Could you copy word for word only the lines between the one containing "Квартира в стиле" and the end of the listing below, both included, and leave out the pictures?

·····

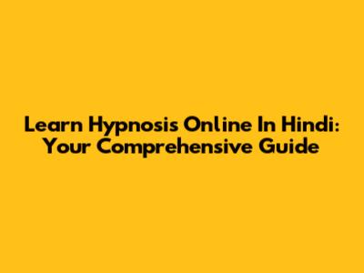 Learn Hypnosis Online In Hindi: Your Comprehensive Guide
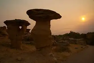 πDrumheller - the dinosaur-lover's mecca, site of the Royal Tyrell Museum, the largest paleontology museum in Canada, set in the desert-like "badlands" landscape.
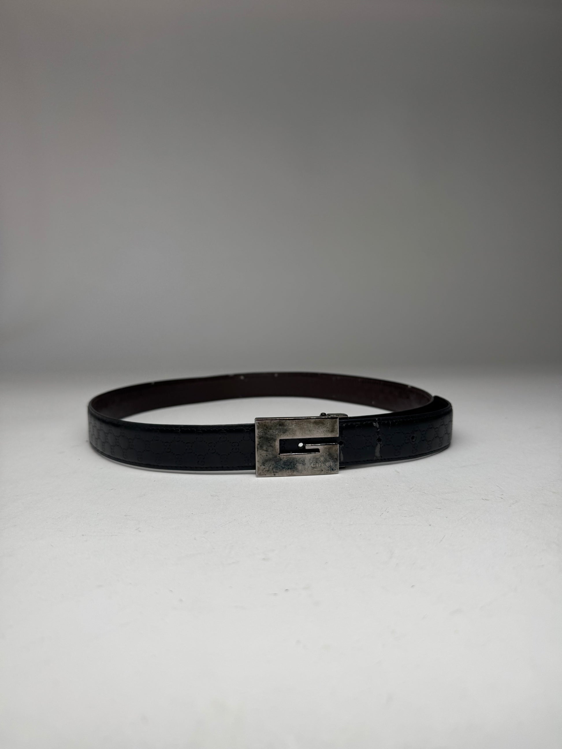 This classic unisex belt is crafted in the iconic Gucci monogram canvas and features an anthracite-tone steel buckle.
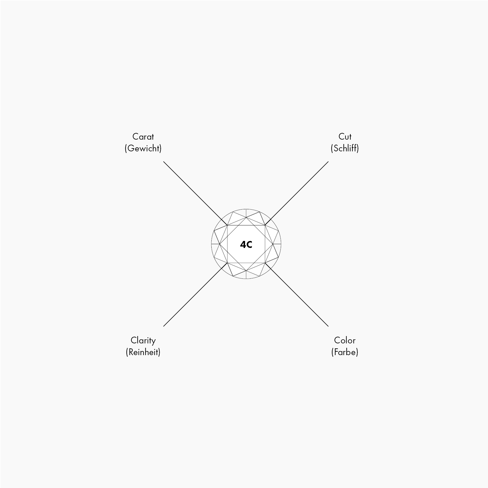 Neben der Größe und der Fassung des Steines kommt es im Wesentlichen auf die vier C´s an. Diese stehen für Carat, Cut, Colour and Clarity – also für Karat, Schliff, Farbe und Reinheit. Der Wert eines Diamanten wird immer unter Berücksichtigung aller vier Faktoren bestimmt – es kommt also auf ein ausgeglichenes Zusammenspiel an. Wir erklären Ihnen im Folgenden jedes einzelne C ausführlicher, sodass Sie selbst zum Diamanten-Kenner werden.
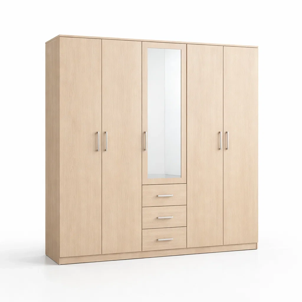 Kleiderschrank mdf mit spiegel und schubladen natur
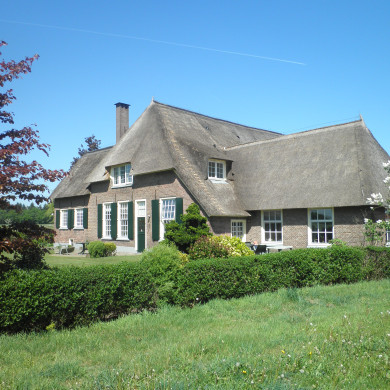 Boerderij op L-vormige plattegrond. De korte vleugel met onderkelderde opkamer. Dak met riet gedekt. Vensters voorzien van roedenverdeling met luiken.
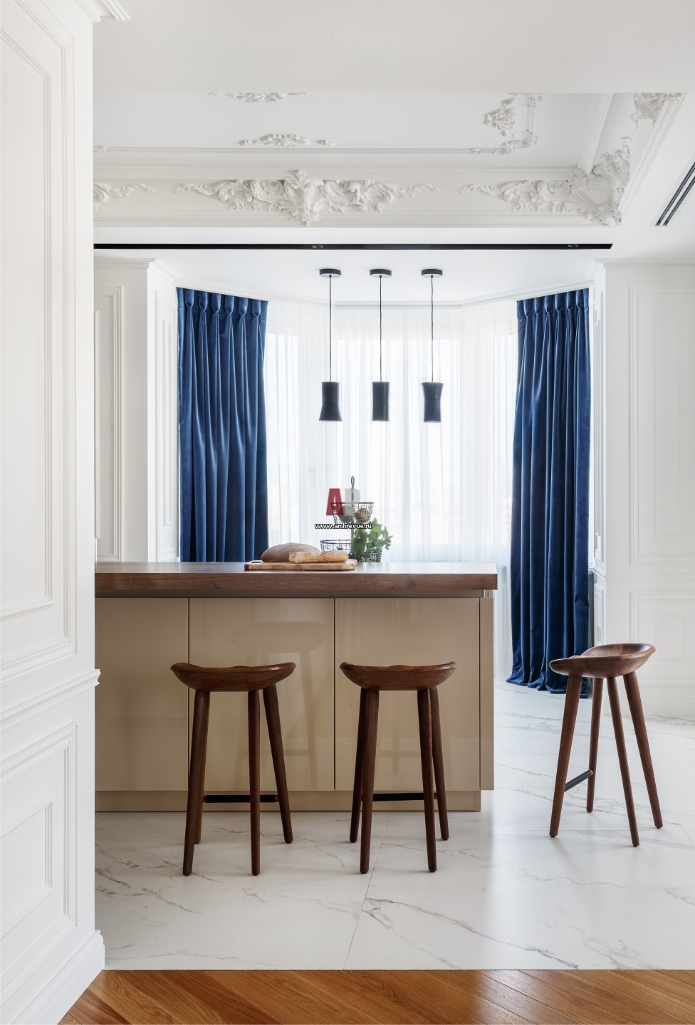 Квартира в стиле французской классики с цветными акцентами. Зона кухни. На полу – керамогранит, Casalgrande Padana, коллекция Marmorer
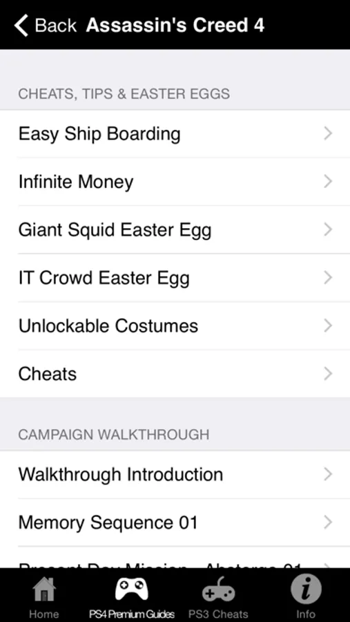Cheats & Walkthroughs for the top Playstation 4 titles! With cheats, codes and COMPLETE walkthroughs. Also included is a basic cheats section covering every PS3 game! New games are added on a regular basis as well!
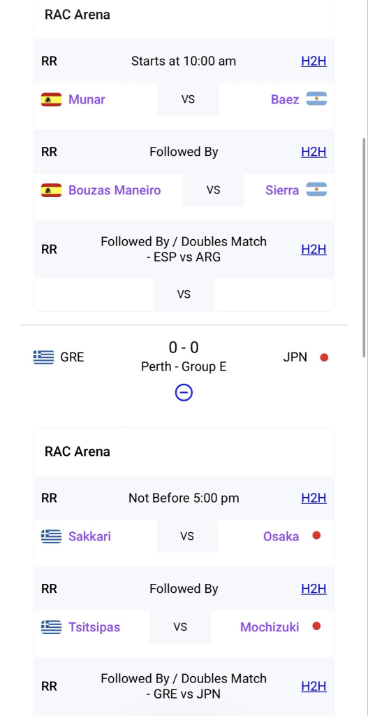 Para la sesión vespertina, Grecia jugará ante Japón, con Naomi Osaka y Maria Sakkari abriendo una eliminatoria en la que Stefanos Tsitsipas se medirá a Shintaro Mochizuki, previo al duelo de dobles mixto, todo a partir de las 17 ern Australia, las 6 de la madrugada en nuestro país. .

·····

## Result below:
 Квартира в стиле французской классики с цветными акцентами. Зона кухни. На полу – керамогранит, Casalgrande Padana, коллекция Marmorer
Cheats & Walkthroughs for the top Playstation 4 titles! With cheats, codes and COMPLETE walkthroughs. Also included is a basic cheats section covering every PS3 game! New games are added on a regular basis as well!
 Para la sesión vespertina, Grecia jugará ante Japón, con Naomi Osaka y Maria Sakkari abriendo una eliminatoria en la que Stefanos Tsitsipas se medirá a Shintaro Mochizuki, previo al duelo de dobles mixto, todo a partir de las 17 ern Australia, las 6 de la madrugada en nuestro país. .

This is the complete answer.